### Task directions
Within the records below, find the line with "- ๐๐ฎ๐ฌ๐ญ๐๐ข๐ง๐๐๐ฅ๐ ๐๐๐๐ฎ๐ญ๐ฒ: Embrace" and the line with "STREES One Set", then reproduce exactly those two lines and all lines between them, without any picture.

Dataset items

----

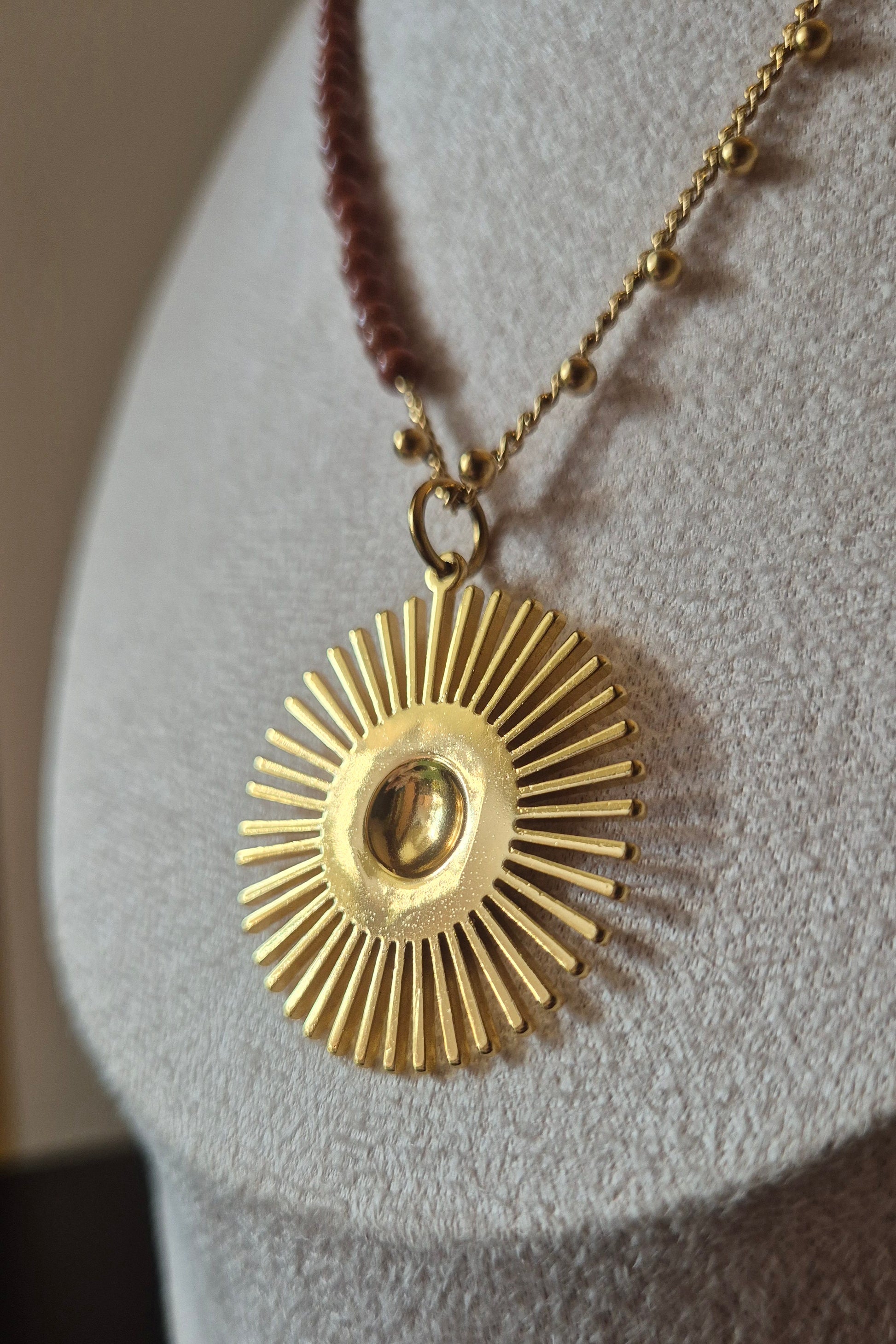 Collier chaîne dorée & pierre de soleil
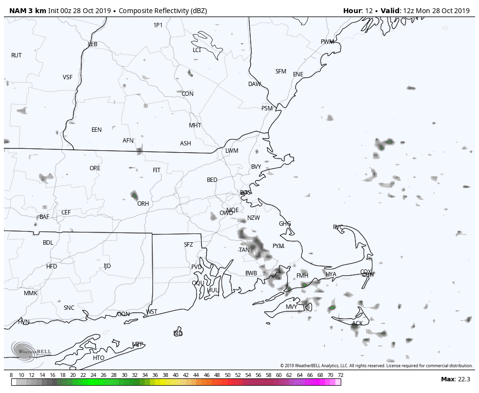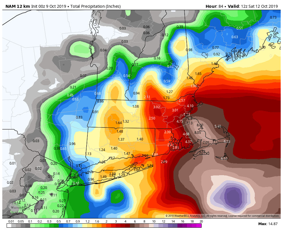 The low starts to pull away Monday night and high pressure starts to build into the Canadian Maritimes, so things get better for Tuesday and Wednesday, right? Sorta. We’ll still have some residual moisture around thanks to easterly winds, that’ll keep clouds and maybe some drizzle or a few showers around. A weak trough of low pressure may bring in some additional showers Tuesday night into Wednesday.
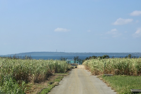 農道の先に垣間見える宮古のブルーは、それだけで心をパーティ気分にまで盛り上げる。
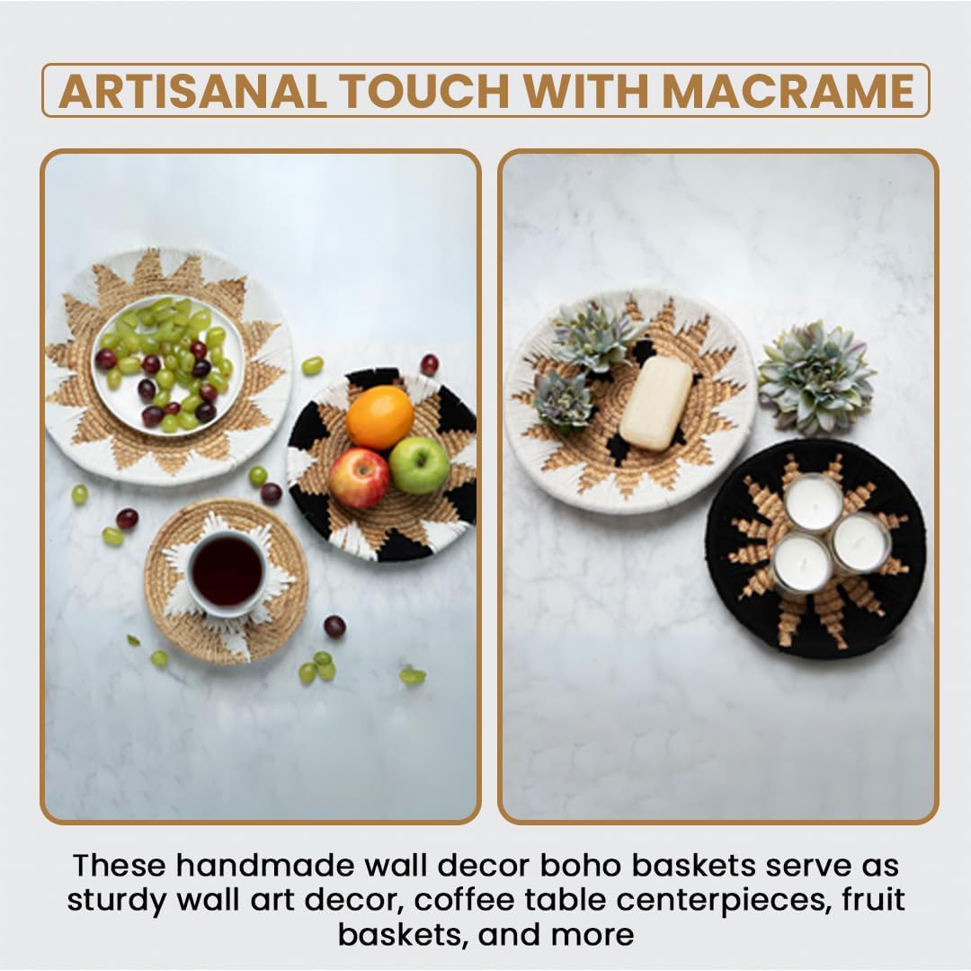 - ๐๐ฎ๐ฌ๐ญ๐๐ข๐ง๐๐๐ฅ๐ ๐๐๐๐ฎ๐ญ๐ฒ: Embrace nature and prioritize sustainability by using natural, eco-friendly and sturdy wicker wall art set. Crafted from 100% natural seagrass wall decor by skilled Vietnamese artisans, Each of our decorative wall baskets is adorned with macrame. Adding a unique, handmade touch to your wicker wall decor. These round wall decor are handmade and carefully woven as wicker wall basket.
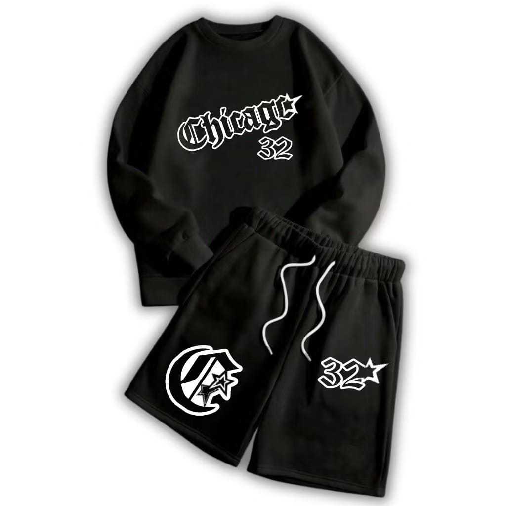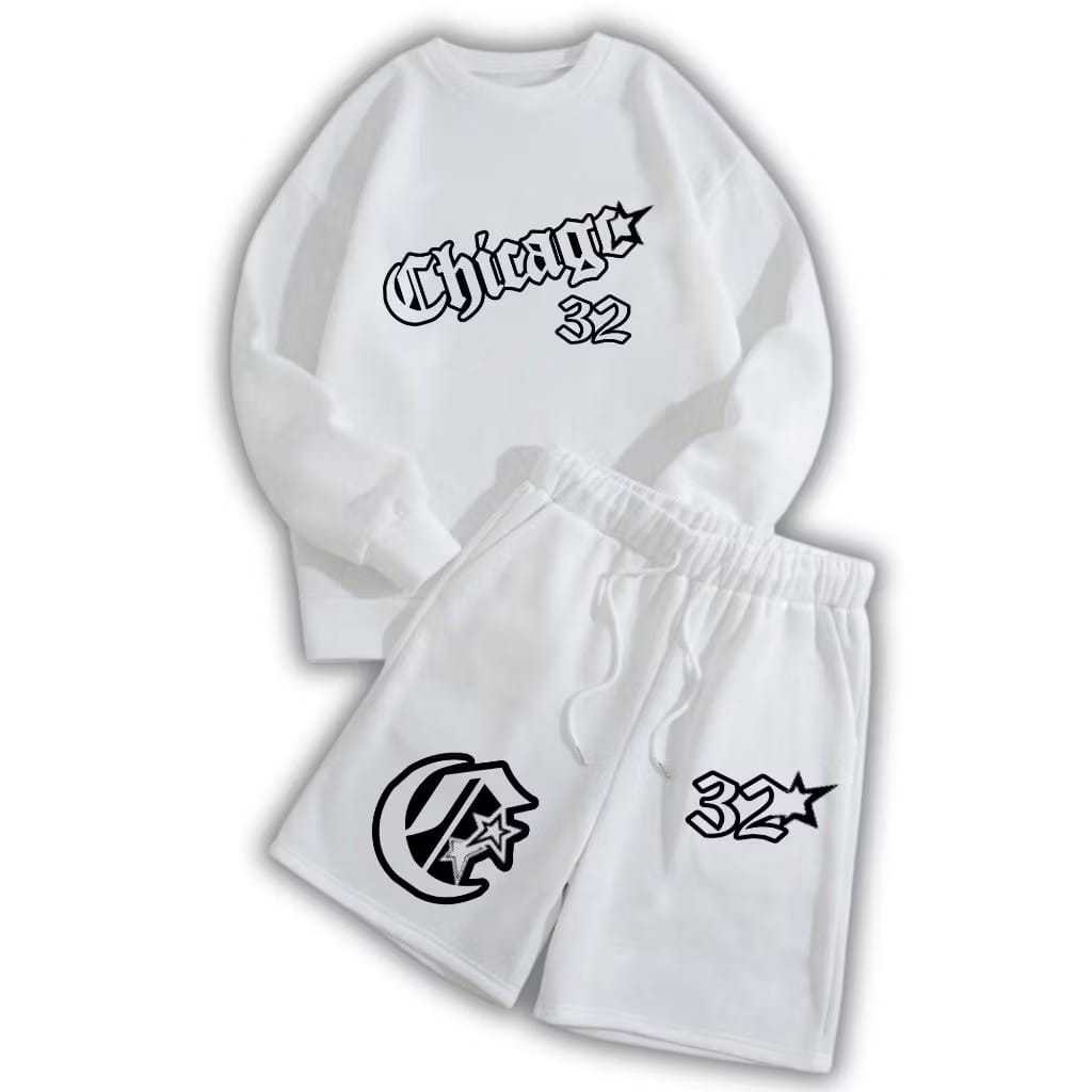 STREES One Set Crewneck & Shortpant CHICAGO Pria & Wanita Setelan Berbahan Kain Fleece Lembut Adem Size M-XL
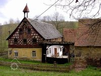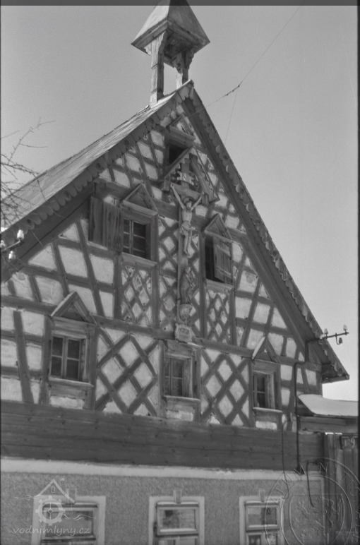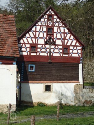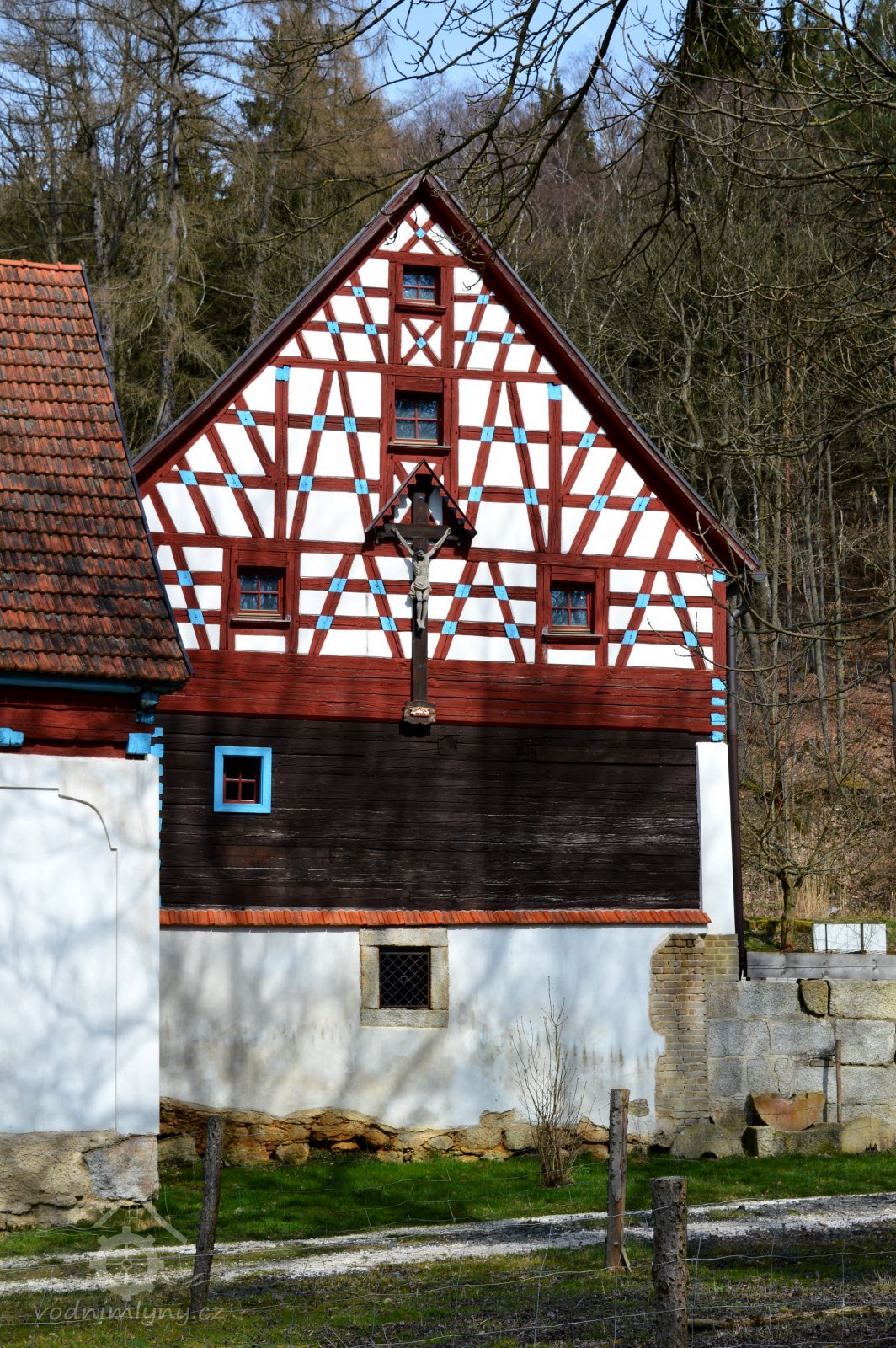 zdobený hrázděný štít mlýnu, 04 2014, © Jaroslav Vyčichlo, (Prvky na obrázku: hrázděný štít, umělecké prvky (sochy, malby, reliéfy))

----

### Answer space
 - ๐๐ฎ๐ฌ๐ญ๐๐ข๐ง๐๐๐ฅ๐ ๐๐๐๐ฎ๐ญ๐ฒ: Embrace nature and prioritize sustainability by using natural, eco-friendly and sturdy wicker wall art set. Crafted from 100% natural seagrass wall decor by skilled Vietnamese artisans, Each of our decorative wall baskets is adorned with macrame. Adding a unique, handmade touch to your wicker wall decor. These round wall decor are handmade and carefully woven as wicker wall basket.
 STREES One Set Crewneck & Shortpant CHICAGO Pria & Wanita Setelan Berbahan Kain Fleece Lembut Adem Size M-XL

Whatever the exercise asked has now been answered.